» EXERCISE PROMPT: Would you reproduce, word for word, only the lines running from the top of the data through the line containing "确定你的U盘,点写入。刚开始程序会无响应,别管,过会就开始写入了。", and none of the pictures?

» INFORMATION SHOWN:
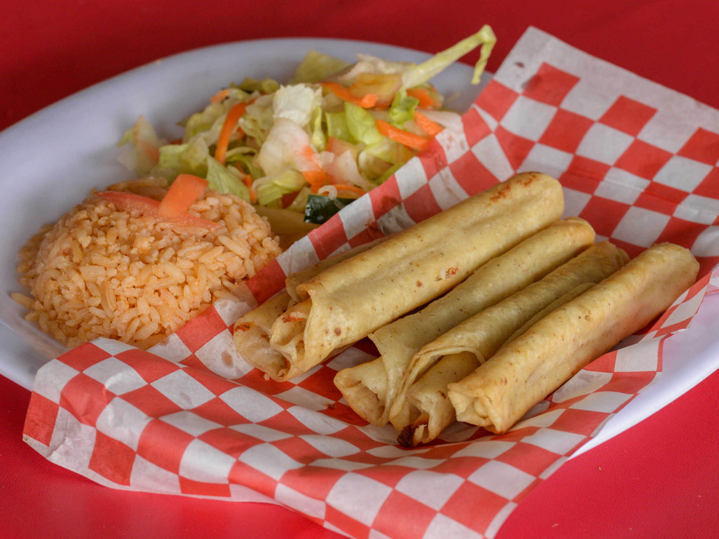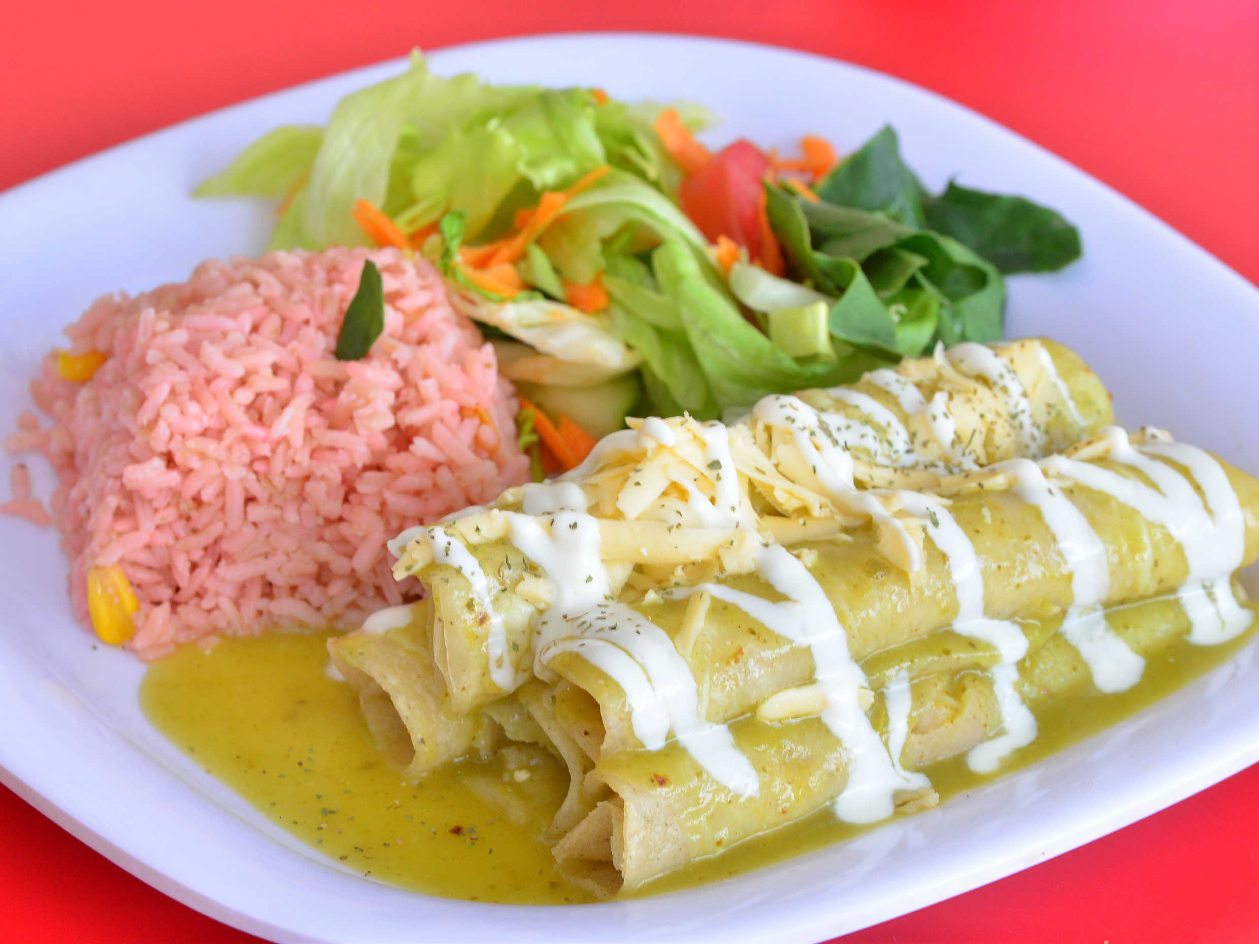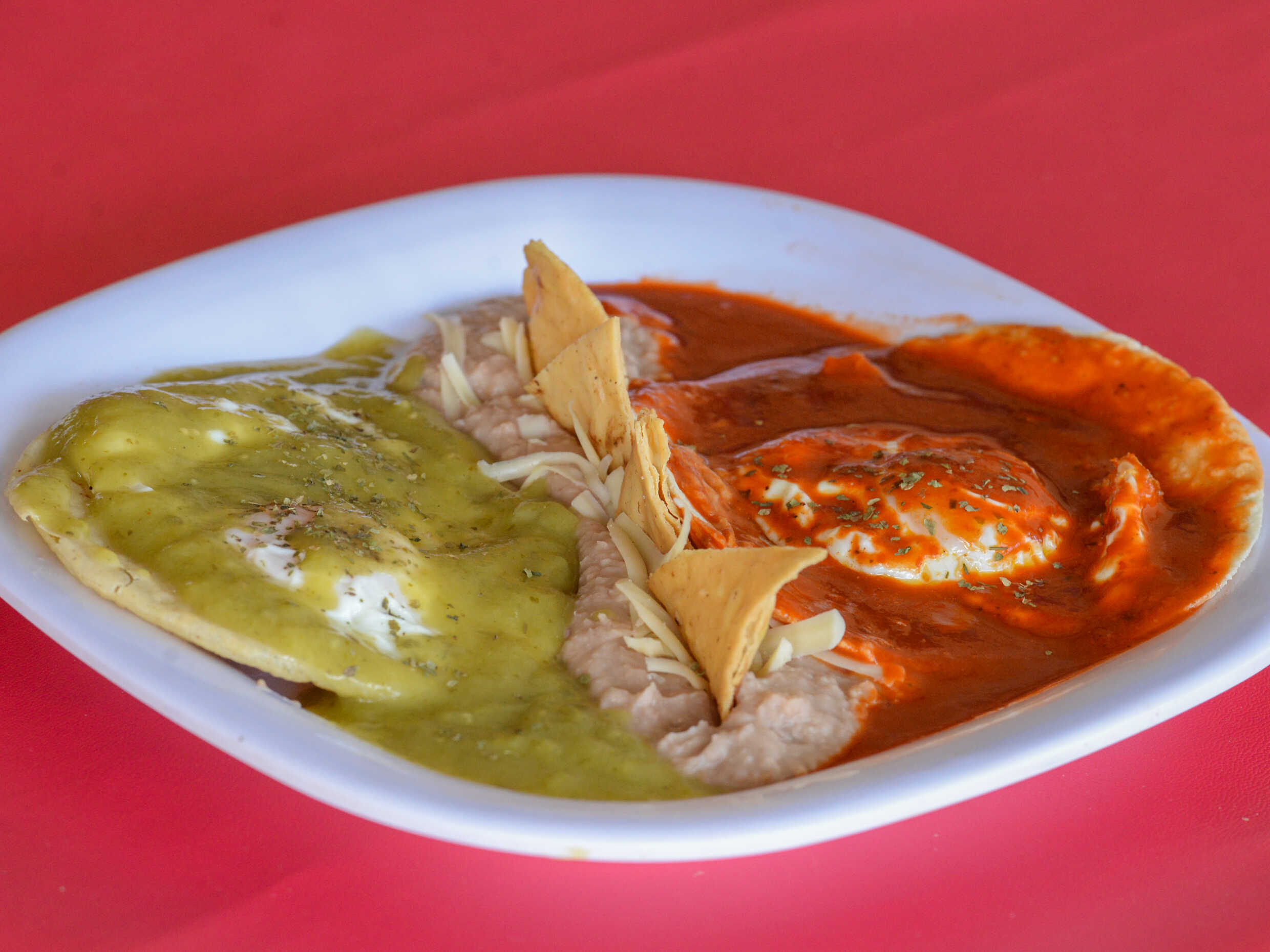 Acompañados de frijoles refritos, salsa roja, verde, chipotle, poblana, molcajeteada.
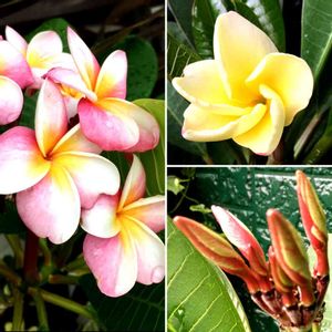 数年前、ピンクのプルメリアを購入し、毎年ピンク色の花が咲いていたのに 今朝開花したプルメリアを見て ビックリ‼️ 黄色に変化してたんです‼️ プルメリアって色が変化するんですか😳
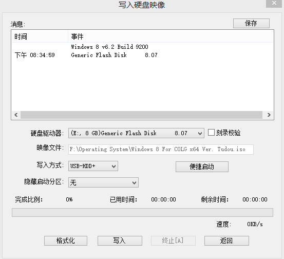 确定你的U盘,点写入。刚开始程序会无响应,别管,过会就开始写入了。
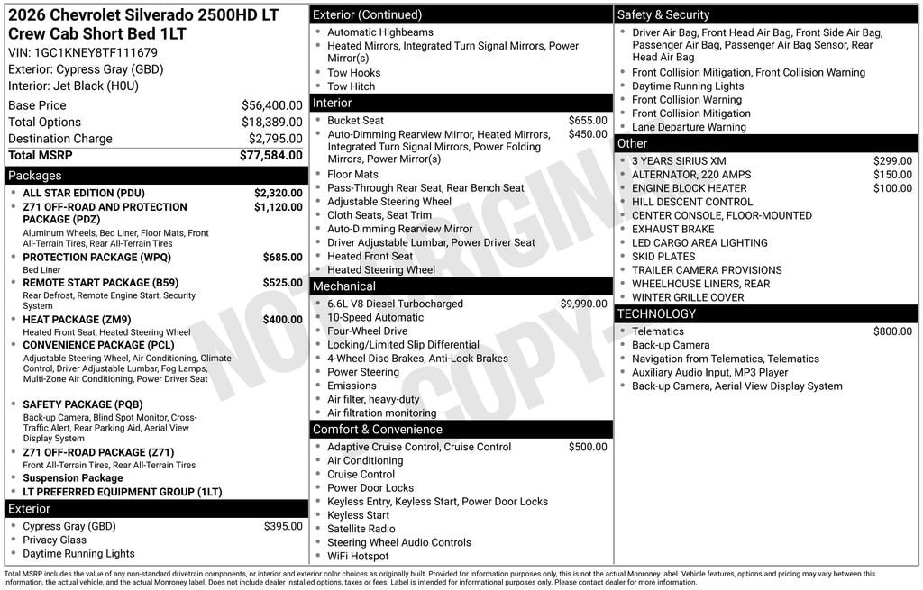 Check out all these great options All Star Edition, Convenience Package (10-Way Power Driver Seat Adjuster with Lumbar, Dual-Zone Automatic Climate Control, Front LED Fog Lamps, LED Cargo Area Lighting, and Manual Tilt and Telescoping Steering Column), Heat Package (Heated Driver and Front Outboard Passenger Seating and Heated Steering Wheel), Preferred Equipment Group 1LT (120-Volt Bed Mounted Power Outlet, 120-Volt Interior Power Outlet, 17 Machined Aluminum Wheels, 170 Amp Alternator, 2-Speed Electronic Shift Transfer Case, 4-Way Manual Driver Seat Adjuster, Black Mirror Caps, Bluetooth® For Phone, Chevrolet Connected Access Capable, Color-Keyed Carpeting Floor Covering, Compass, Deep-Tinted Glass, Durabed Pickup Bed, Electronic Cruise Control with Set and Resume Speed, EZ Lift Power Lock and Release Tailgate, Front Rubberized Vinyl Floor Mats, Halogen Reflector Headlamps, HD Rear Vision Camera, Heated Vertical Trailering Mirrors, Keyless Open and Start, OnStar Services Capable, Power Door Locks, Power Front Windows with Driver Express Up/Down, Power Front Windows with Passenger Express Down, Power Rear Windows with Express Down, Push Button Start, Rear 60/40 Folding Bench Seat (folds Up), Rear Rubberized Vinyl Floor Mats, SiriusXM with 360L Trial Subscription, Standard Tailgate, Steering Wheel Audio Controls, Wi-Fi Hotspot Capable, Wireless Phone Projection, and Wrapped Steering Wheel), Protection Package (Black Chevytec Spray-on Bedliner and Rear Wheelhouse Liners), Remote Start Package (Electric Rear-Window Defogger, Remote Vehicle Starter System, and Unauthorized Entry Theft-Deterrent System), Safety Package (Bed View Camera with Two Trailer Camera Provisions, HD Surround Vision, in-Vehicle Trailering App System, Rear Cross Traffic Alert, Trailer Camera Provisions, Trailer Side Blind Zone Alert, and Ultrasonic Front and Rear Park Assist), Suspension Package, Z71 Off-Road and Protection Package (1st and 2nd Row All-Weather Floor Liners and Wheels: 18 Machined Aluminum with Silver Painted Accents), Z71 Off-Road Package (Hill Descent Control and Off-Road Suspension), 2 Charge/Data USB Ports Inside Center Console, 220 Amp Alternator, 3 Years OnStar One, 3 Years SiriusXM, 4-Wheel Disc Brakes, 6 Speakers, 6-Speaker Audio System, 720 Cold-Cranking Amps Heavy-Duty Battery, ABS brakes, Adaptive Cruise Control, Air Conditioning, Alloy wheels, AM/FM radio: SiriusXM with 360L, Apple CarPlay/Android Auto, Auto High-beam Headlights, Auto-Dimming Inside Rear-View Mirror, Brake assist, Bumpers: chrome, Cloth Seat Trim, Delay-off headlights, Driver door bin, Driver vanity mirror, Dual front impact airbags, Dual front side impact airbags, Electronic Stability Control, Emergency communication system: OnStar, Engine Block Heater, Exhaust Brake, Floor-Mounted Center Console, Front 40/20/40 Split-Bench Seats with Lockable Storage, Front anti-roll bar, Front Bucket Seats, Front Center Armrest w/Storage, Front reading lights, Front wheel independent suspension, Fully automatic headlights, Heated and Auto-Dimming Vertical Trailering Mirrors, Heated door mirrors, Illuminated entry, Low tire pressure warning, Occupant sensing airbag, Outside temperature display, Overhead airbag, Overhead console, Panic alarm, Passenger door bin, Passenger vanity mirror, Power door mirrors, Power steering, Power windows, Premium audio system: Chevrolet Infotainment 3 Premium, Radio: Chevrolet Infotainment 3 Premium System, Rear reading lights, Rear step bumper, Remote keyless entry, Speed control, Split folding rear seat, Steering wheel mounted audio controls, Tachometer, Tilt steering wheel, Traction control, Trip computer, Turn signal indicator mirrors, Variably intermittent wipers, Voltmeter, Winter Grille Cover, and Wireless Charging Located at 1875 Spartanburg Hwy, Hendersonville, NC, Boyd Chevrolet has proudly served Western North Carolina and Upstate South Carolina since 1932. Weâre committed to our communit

» EXERCISE SOLUTION:
 Acompañados de frijoles refritos, salsa roja, verde, chipotle, poblana, molcajeteada.
 数年前、ピンクのプルメリアを購入し、毎年ピンク色の花が咲いていたのに 今朝開花したプルメリアを見て ビックリ‼️ 黄色に変化してたんです‼️ プルメリアって色が変化するんですか😳
 确定你的U盘,点写入。刚开始程序会无响应,别管,过会就开始写入了。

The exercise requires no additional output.